MONICA LEBLANC: Yeah. So, a lot happened between… That was in 2015. So, like a lot has happened over the past 10 years or whatever. And I think that that realization, ultimately, led me to "I'm going to do my own healing instead of making my life about other people." That was like a moment where I got committed to making that self-energy that I talked about the primary, like, source of contact for how I made decisions in the world.

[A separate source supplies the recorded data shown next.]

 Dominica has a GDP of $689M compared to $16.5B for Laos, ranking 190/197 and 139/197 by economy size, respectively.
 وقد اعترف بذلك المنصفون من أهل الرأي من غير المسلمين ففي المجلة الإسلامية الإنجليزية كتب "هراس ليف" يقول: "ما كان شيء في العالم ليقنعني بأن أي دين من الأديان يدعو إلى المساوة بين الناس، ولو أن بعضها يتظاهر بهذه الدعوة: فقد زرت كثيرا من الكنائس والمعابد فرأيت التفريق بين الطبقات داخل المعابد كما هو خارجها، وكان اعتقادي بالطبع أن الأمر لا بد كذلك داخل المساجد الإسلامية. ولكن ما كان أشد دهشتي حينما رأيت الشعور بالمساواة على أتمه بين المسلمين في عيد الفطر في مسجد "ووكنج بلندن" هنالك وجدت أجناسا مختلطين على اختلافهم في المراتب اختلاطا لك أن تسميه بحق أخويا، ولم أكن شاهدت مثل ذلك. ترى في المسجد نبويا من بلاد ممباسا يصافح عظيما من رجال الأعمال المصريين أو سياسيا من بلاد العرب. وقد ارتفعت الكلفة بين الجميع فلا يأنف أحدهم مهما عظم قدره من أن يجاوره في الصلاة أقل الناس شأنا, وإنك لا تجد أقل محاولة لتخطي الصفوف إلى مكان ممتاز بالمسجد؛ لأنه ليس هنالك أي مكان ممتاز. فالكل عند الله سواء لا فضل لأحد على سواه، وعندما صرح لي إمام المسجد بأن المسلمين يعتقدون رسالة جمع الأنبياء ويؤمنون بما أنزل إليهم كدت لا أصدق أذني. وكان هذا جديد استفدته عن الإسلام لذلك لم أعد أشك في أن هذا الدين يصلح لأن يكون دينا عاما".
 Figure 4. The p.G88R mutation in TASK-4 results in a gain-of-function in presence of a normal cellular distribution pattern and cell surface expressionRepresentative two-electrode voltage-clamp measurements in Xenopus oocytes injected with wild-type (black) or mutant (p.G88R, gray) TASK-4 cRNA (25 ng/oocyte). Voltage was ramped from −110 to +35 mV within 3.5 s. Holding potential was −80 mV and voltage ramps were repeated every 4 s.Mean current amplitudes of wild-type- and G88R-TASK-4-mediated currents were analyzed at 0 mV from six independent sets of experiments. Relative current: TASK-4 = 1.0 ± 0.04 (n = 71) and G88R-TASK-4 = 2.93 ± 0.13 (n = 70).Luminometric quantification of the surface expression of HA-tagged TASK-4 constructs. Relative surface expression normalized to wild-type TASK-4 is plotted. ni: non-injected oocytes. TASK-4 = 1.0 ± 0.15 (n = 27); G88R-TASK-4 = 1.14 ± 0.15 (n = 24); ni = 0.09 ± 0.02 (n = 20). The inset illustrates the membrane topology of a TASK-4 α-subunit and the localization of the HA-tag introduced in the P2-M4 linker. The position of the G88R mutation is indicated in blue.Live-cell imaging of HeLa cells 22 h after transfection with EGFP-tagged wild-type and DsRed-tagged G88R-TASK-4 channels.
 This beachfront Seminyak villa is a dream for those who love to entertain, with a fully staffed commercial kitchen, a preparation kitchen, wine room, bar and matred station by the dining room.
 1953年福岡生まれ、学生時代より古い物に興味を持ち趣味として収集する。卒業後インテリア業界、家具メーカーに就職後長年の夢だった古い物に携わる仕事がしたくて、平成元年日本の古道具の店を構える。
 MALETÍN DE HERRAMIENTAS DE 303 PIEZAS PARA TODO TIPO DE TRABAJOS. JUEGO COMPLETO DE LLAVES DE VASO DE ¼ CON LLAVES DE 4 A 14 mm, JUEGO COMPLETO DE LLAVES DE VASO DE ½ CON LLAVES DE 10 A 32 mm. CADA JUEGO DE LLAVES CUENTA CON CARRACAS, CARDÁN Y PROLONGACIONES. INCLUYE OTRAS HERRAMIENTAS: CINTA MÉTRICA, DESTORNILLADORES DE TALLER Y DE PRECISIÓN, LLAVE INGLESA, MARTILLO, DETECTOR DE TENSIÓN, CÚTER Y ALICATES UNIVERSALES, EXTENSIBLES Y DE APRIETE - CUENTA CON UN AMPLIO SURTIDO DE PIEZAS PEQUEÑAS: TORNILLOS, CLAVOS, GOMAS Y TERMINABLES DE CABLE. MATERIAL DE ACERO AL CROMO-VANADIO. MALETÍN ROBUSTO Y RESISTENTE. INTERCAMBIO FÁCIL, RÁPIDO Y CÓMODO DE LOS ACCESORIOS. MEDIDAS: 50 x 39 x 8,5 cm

And so, I actually took this job. I think you might have met me when I was still in this job, but I took this job at a college and I hated it. And the reason why I did that is because I was like, again because I have ADHD. I was like, "Okay, I'm going to force myself into, like, a very structured and boundaried environment where I have to be professional." Because at the treatment center, like, we, like, basically, lived with our clients. Like, you know, my office is right next to my client's bedroom. So, it's very like informal relationship.
PATRICK CASALE: Sure.
MONICA LEBLANC: So, I took this, like, very structured job. And I was like, "I'm going to force myself into this corporate box."
PATRICK CASALE: Would you do it that way? Like, make that voice, make that face.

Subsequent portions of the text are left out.